Aim of the task | Lines from the opening of the material through the line containing "- Công suất" must be duplicated word for word. Pictures are not.

Data |
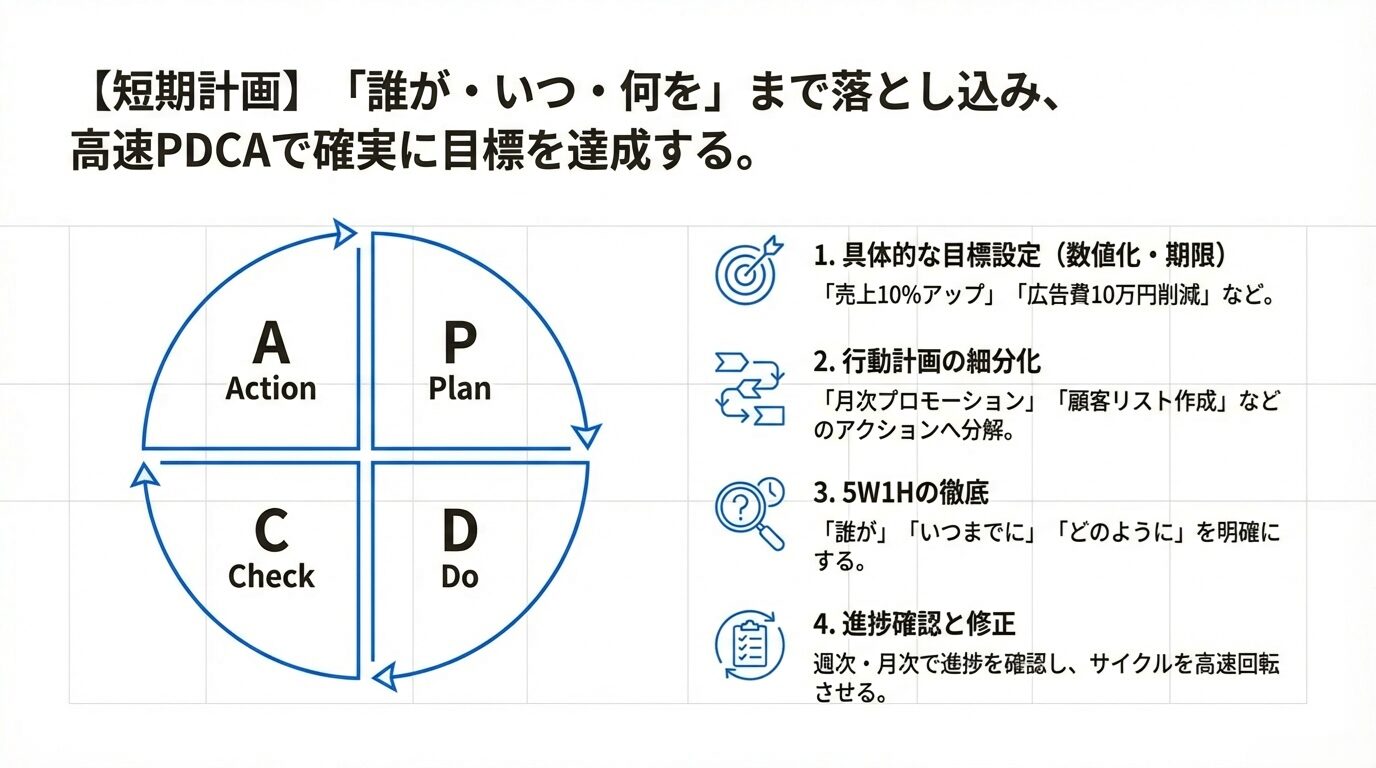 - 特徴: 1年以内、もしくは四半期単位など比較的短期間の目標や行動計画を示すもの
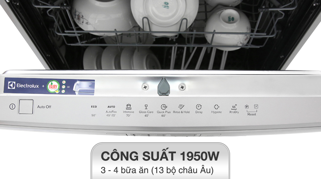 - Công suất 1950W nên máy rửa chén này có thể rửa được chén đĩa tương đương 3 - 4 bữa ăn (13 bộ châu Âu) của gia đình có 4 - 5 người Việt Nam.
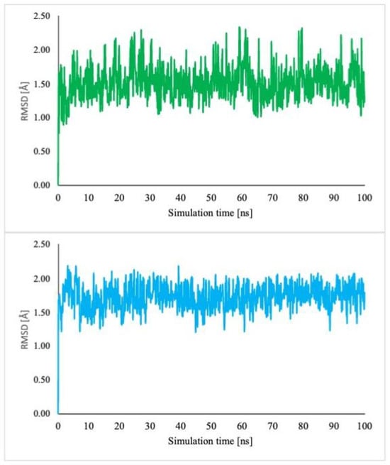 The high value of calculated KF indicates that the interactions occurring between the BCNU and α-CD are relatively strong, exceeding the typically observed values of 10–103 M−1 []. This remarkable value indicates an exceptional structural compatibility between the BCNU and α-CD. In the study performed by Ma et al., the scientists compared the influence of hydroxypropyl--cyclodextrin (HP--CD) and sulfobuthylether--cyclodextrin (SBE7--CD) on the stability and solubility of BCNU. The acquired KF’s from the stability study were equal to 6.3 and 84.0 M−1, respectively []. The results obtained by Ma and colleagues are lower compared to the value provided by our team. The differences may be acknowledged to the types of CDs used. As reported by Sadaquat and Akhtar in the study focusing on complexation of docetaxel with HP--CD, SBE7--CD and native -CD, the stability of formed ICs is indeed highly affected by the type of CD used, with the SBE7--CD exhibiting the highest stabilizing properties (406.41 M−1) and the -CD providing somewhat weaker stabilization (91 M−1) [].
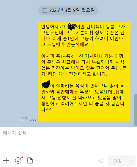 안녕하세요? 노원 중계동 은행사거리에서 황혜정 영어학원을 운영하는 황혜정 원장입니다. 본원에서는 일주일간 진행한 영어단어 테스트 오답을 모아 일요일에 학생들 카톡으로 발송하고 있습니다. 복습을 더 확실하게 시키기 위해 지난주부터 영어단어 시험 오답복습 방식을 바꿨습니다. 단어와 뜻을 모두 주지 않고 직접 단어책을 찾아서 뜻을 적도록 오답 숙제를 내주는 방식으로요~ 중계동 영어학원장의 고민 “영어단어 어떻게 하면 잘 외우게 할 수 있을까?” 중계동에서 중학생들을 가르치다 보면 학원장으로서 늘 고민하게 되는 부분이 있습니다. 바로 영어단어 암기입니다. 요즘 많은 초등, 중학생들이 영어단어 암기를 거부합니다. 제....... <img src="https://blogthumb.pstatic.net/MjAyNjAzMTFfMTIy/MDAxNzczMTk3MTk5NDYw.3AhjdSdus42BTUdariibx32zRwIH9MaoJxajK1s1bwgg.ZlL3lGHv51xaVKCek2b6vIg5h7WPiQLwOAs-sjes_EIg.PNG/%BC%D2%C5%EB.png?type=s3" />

Reply to the exercise |
 - 特徴: 1年以内、もしくは四半期単位など比較的短期間の目標や行動計画を示すもの
 - Công suất 1950W nên máy rửa chén này có thể rửa được chén đĩa tương đương 3 - 4 bữa ăn (13 bộ châu Âu) của gia đình có 4 - 5 người Việt Nam.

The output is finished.